EXTRACTED INFORMATION =>
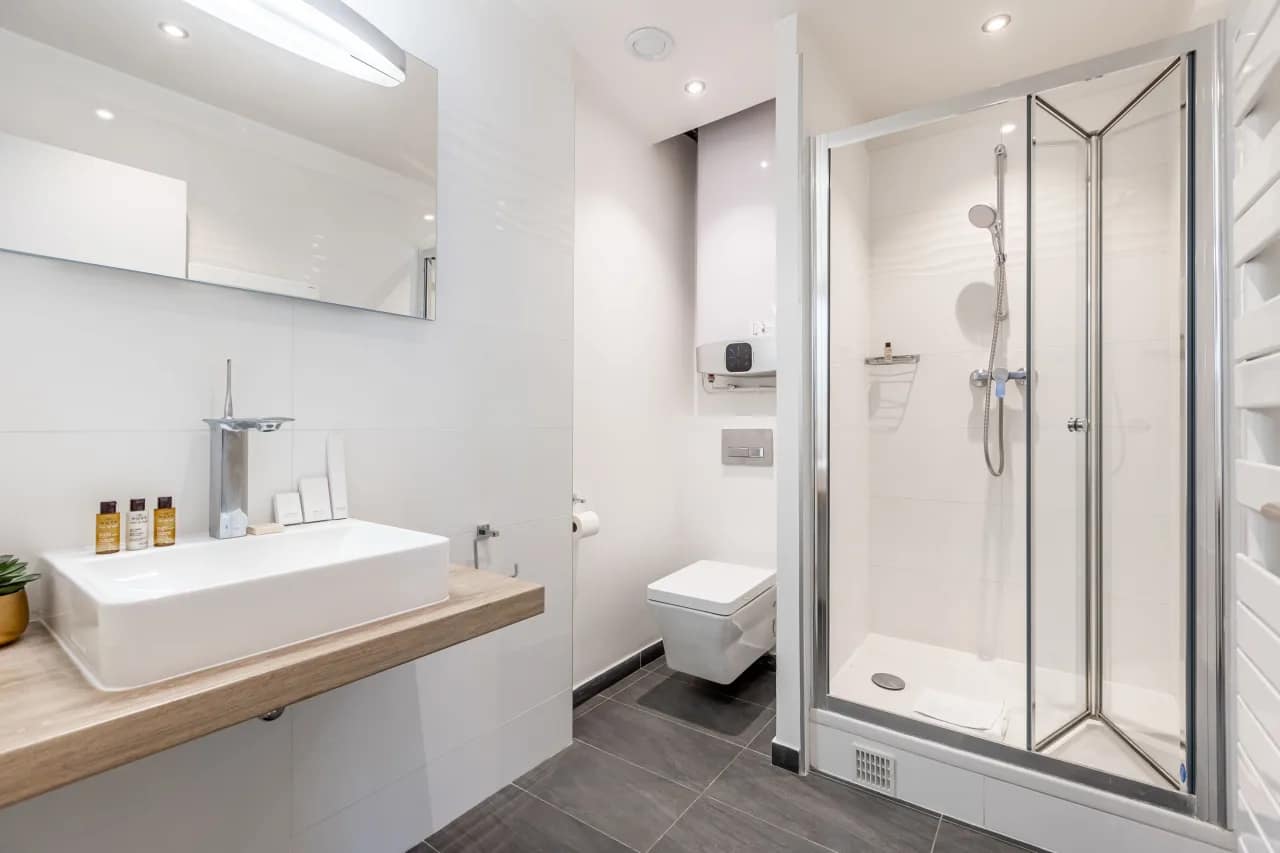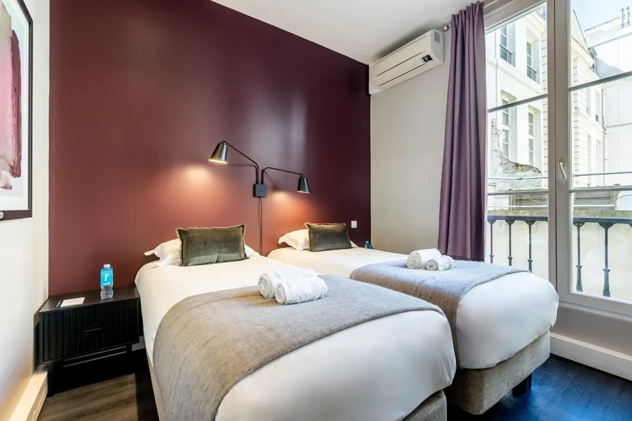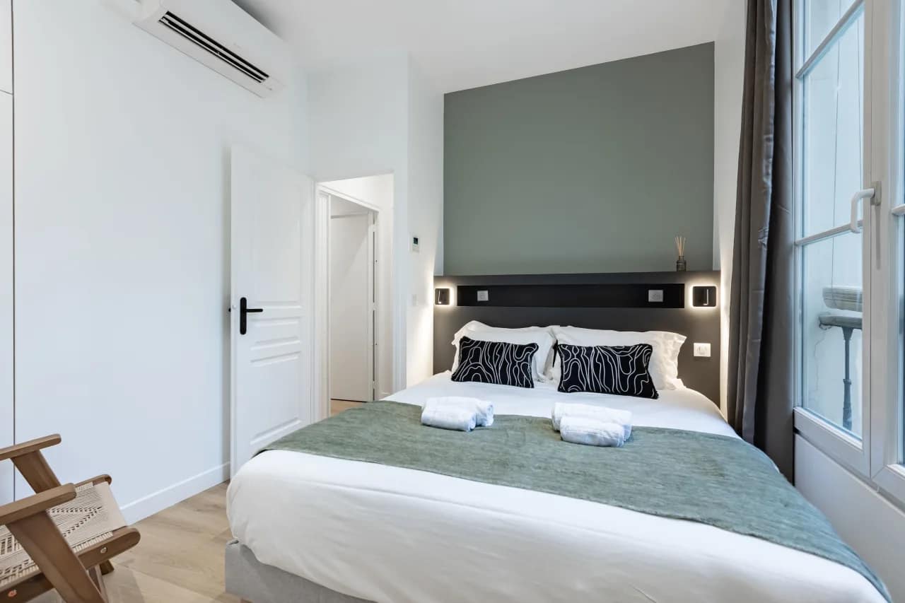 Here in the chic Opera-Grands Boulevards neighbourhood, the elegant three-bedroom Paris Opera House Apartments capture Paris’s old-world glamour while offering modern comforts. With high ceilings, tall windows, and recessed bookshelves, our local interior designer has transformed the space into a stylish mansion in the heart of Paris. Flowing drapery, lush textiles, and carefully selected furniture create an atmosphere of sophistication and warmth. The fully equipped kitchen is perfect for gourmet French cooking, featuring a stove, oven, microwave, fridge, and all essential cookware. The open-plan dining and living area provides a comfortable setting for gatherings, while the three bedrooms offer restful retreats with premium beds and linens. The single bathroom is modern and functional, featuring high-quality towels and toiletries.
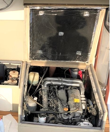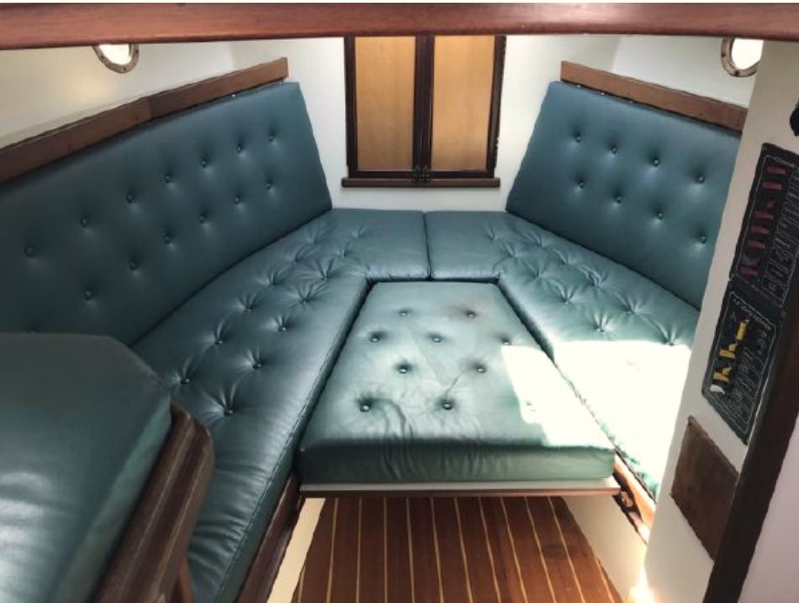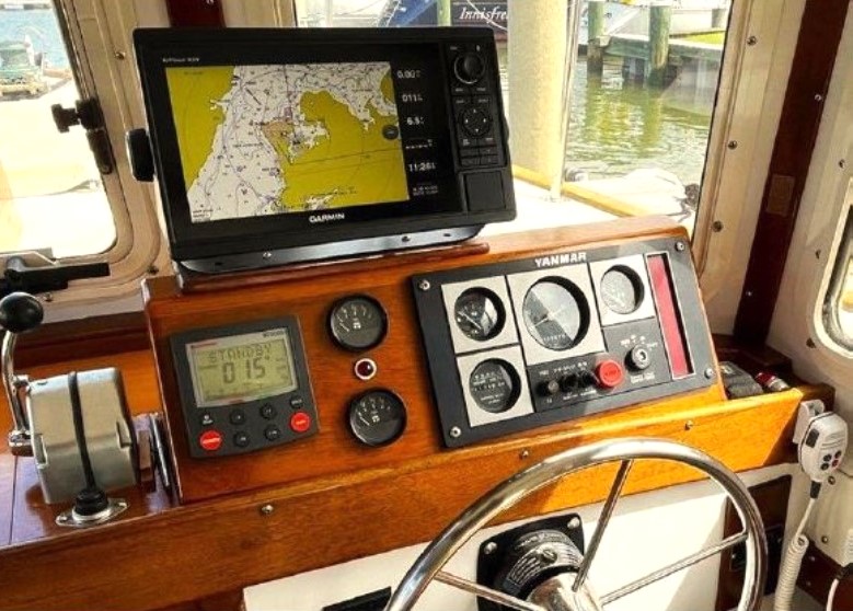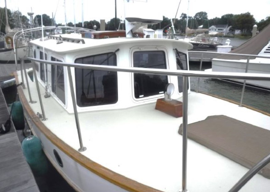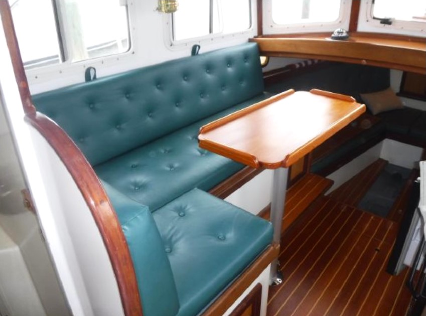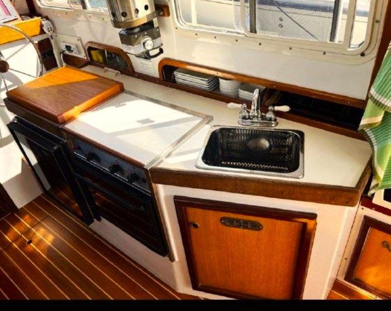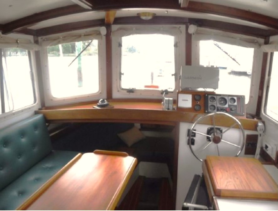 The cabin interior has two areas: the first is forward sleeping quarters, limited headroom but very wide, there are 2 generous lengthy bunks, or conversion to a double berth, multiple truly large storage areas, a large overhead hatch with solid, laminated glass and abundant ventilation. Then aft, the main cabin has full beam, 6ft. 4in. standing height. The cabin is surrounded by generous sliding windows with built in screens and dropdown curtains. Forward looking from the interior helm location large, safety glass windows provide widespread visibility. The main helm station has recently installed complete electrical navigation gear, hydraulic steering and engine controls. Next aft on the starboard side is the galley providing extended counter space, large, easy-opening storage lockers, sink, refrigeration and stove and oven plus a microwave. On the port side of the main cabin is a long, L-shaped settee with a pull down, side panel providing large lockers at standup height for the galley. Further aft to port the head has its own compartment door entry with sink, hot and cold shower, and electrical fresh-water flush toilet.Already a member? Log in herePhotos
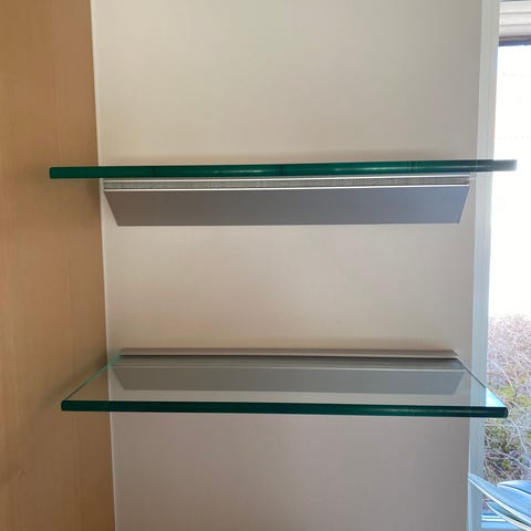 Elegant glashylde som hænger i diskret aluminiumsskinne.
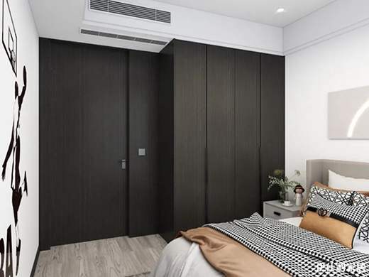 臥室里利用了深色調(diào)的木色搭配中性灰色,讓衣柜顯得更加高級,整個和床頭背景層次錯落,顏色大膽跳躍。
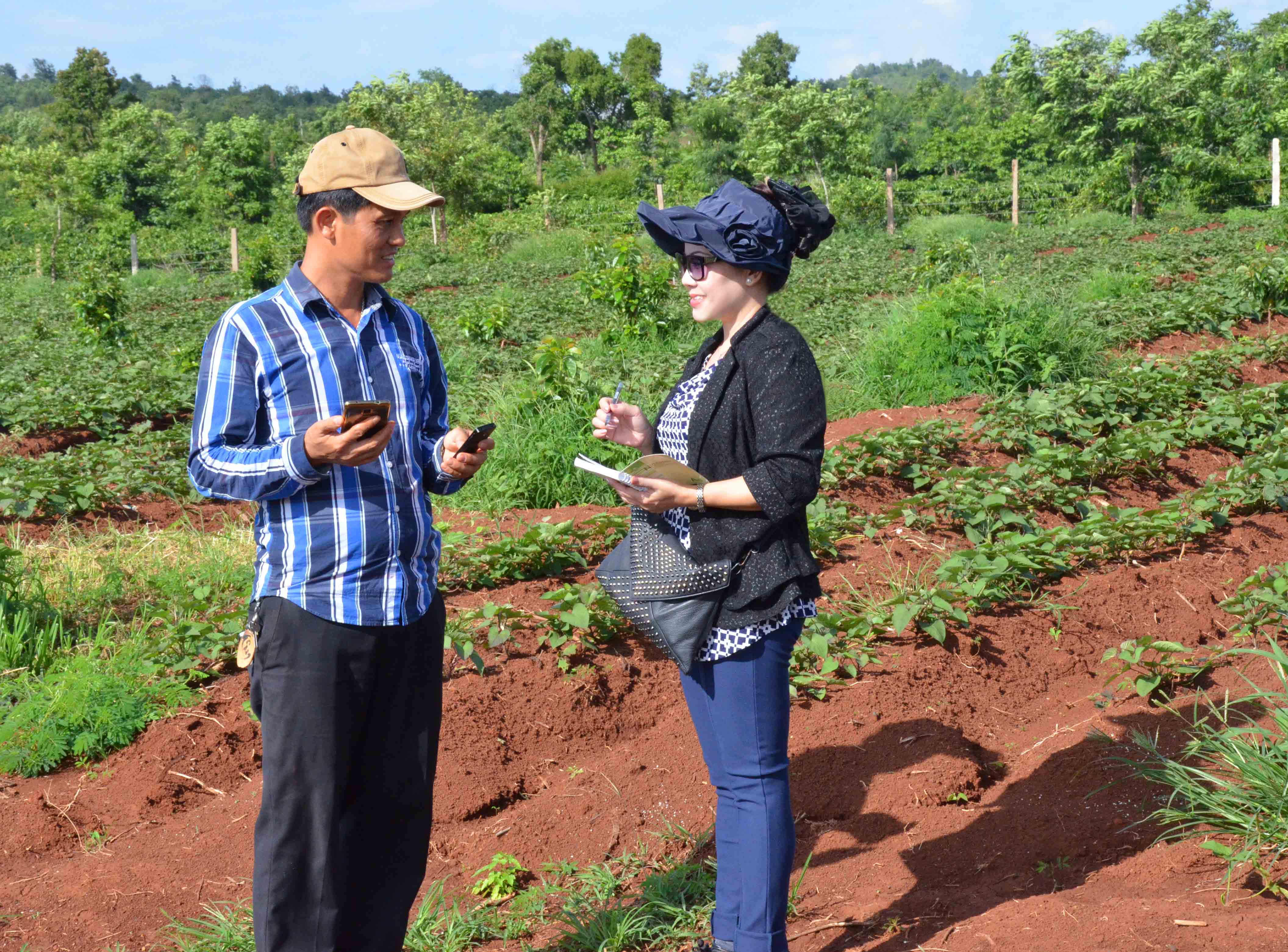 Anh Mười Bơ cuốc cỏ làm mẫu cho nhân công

WHAT TO PRODUCE => Your copy should hold all the data word for word. It should hold no pictures.

EXERCISE OUTPUT =>
 Here in the chic Opera-Grands Boulevards neighbourhood, the elegant three-bedroom Paris Opera House Apartments capture Paris’s old-world glamour while offering modern comforts. With high ceilings, tall windows, and recessed bookshelves, our local interior designer has transformed the space into a stylish mansion in the heart of Paris. Flowing drapery, lush textiles, and carefully selected furniture create an atmosphere of sophistication and warmth. The fully equipped kitchen is perfect for gourmet French cooking, featuring a stove, oven, microwave, fridge, and all essential cookware. The open-plan dining and living area provides a comfortable setting for gatherings, while the three bedrooms offer restful retreats with premium beds and linens. The single bathroom is modern and functional, featuring high-quality towels and toiletries.
 The cabin interior has two areas: the first is forward sleeping quarters, limited headroom but very wide, there are 2 generous lengthy bunks, or conversion to a double berth, multiple truly large storage areas, a large overhead hatch with solid, laminated glass and abundant ventilation. Then aft, the main cabin has full beam, 6ft. 4in. standing height. The cabin is surrounded by generous sliding windows with built in screens and dropdown curtains. Forward looking from the interior helm location large, safety glass windows provide widespread visibility. The main helm station has recently installed complete electrical navigation gear, hydraulic steering and engine controls. Next aft on the starboard side is the galley providing extended counter space, large, easy-opening storage lockers, sink, refrigeration and stove and oven plus a microwave. On the port side of the main cabin is a long, L-shaped settee with a pull down, side panel providing large lockers at standup height for the galley. Further aft to port the head has its own compartment door entry with sink, hot and cold shower, and electrical fresh-water flush toilet.Already a member? Log in herePhotos
 Elegant glashylde som hænger i diskret aluminiumsskinne.
 臥室里利用了深色調(diào)的木色搭配中性灰色,讓衣柜顯得更加高級,整個和床頭背景層次錯落,顏色大膽跳躍。
 Anh Mười Bơ cuốc cỏ làm mẫu cho nhân công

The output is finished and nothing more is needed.